▸ **ACTION ITEM**:
Here, set down only the lines between the line that contains "Wondering if you" and the final line of the material, both included, exactly as written. Skip the pictures.

--- DATA FOR THIS EXERCISE Enclosed Below ---

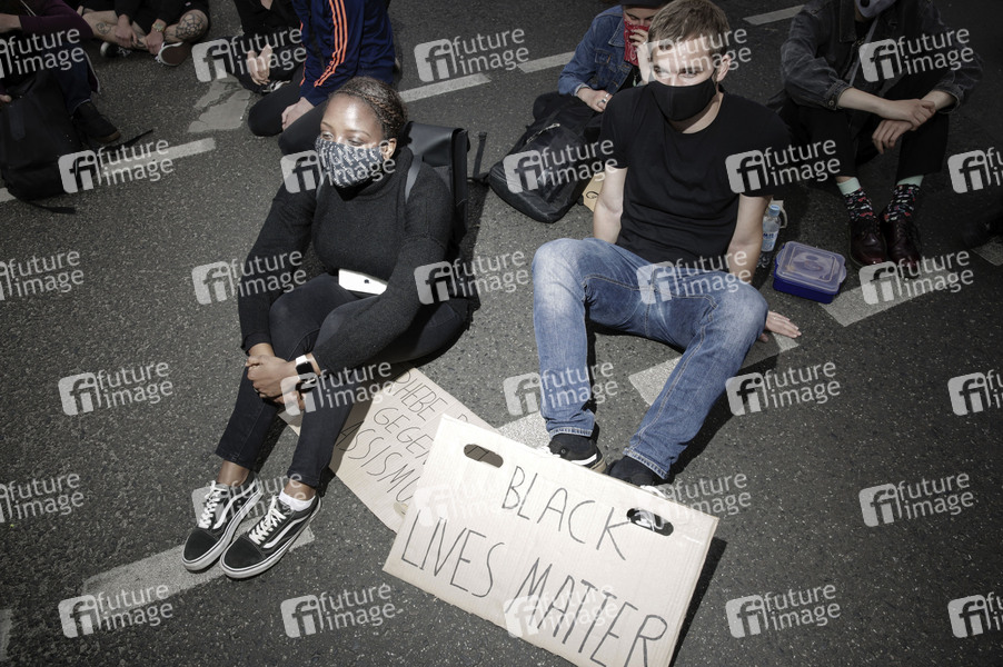 Ein Teil der Demonstranten der 'Silent Demo' am Alexanderplatz zog weiter zum Strausberger Platz und veranstaltete eine Sitzblockade. Berlin, 06.06.2020
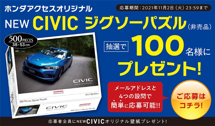そんな素敵なCIVICのジグソーパズルが抽選で100名様にプレゼント!!!!!
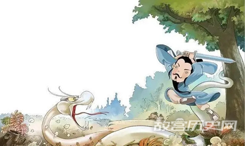 刘邦斩蛇之后,继续前行,又行数里,酒劲上涌,醉卧道旁。第二天早上,有人经过斩蛇之处,见一老妪痛哭不已,问道:“你为什么痛哭?”老妇人道:“我儿子被人杀了。”行人问道:“是谁杀的?”老妇人道:“我儿子本是白帝子,在此化蛇挡道本是向赤帝子讨封而来,却被赤帝子杀了。”
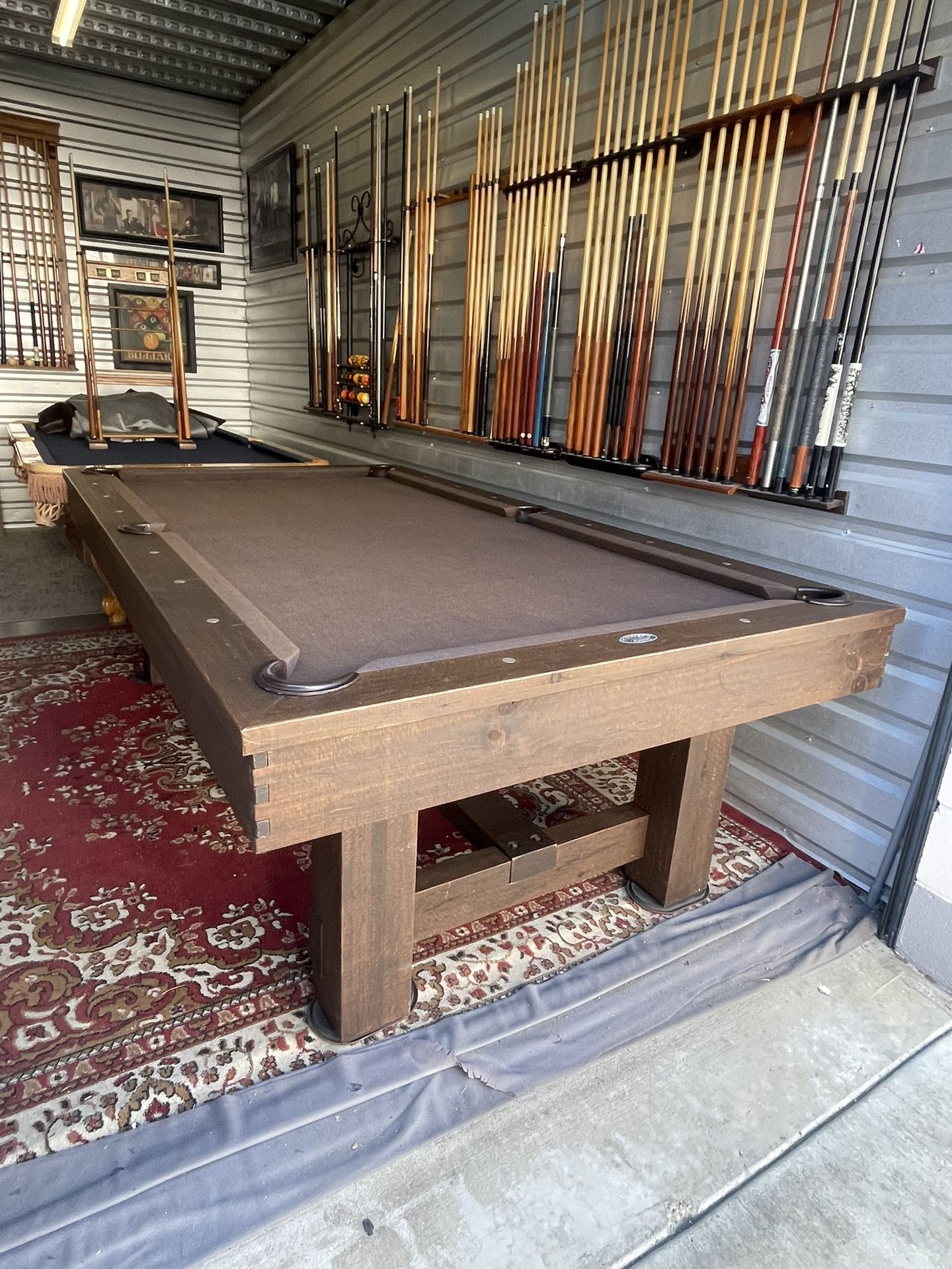 The table is in excellent shape Olhausen modern style pool table it has a custom drawer that holds accessories table will come with mew felt any color you like to pic 4 sticks triangle and balls with free delivery and set up .this table new cost around 10k after delivery with us price is $3900
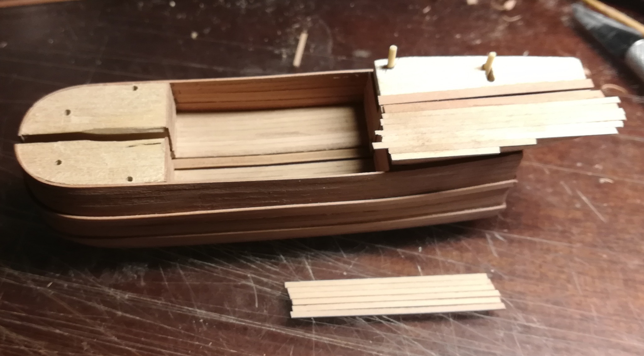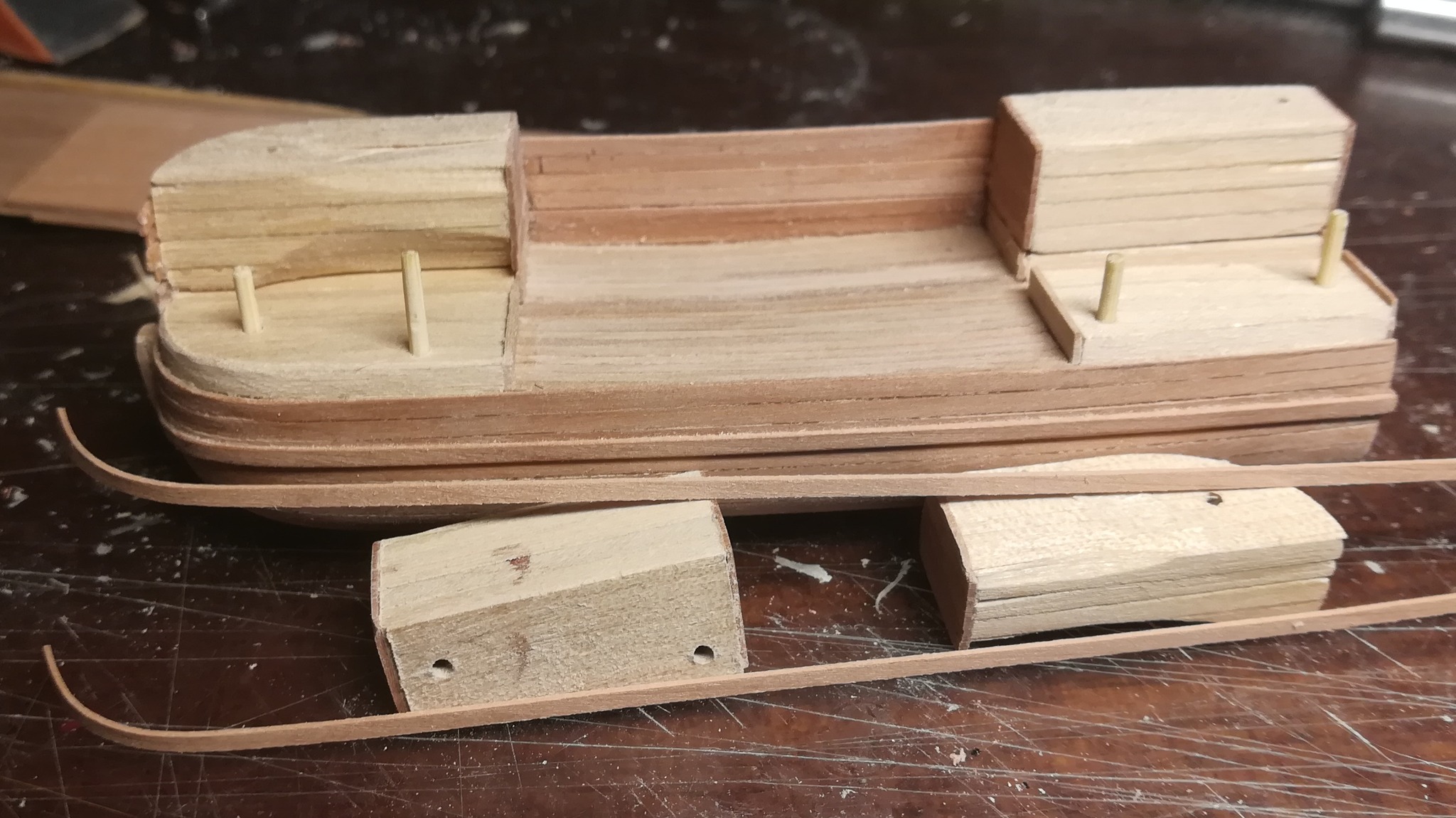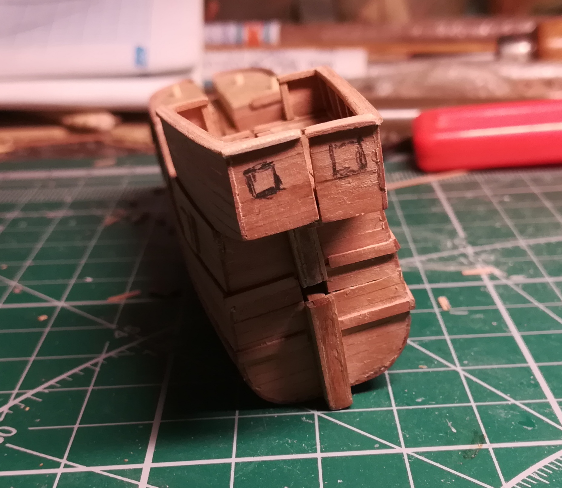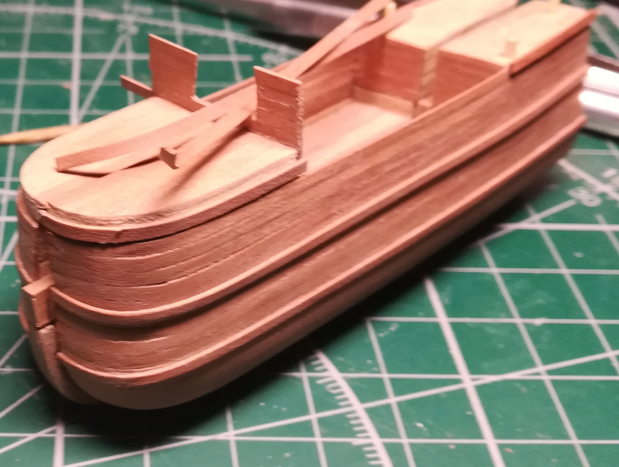 В конце января я начал пилить части основы корпуса. Шар большой, горло узкое, поэтому корпус пришлось резать на много частей
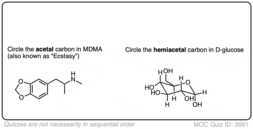 Wondering if you could post something explaining just how to look at one and tell if it is a hemiacetal or acetal. I understand that the hemi has an alcohol and an ether attached to the same carbon. But it would be nice to see each part of it labeled out and explained to us. Thanks this infor was amazing!
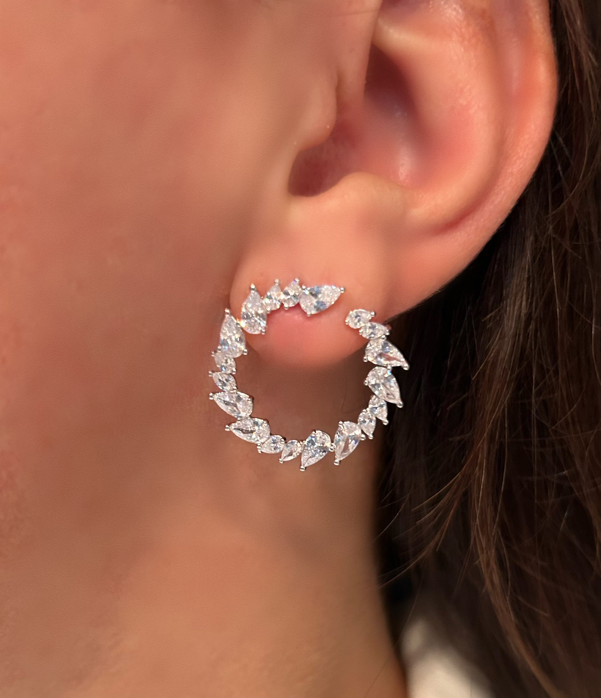 Realizzati in argento 925 rodiato e impreziositi da zirconia tripla A taglio goccia, gli orecchini Rugiada brillano con la stessa purezza delle gocce del mattino che scivolano sui petali di un fiore. Eleganti e luminosi, sono pensati per aggiungere un tocco naturale di freschezza e raffinatezza ad ogni look. Le sue misure sono importanti 2,5cm. Un design raffinato e luminoso.

--- End of Enclosed DATA FOR THIS EXERCISE ---

▸ **TASK SOLUTION**:
 Wondering if you could post something explaining just how to look at one and tell if it is a hemiacetal or acetal. I understand that the hemi has an alcohol and an ether attached to the same carbon. But it would be nice to see each part of it labeled out and explained to us. Thanks this infor was amazing!
 Realizzati in argento 925 rodiato e impreziositi da zirconia tripla A taglio goccia, gli orecchini Rugiada brillano con la stessa purezza delle gocce del mattino che scivolano sui petali di un fiore. Eleganti e luminosi, sono pensati per aggiungere un tocco naturale di freschezza e raffinatezza ad ogni look. Le sue misure sono importanti 2,5cm. Un design raffinato e luminoso.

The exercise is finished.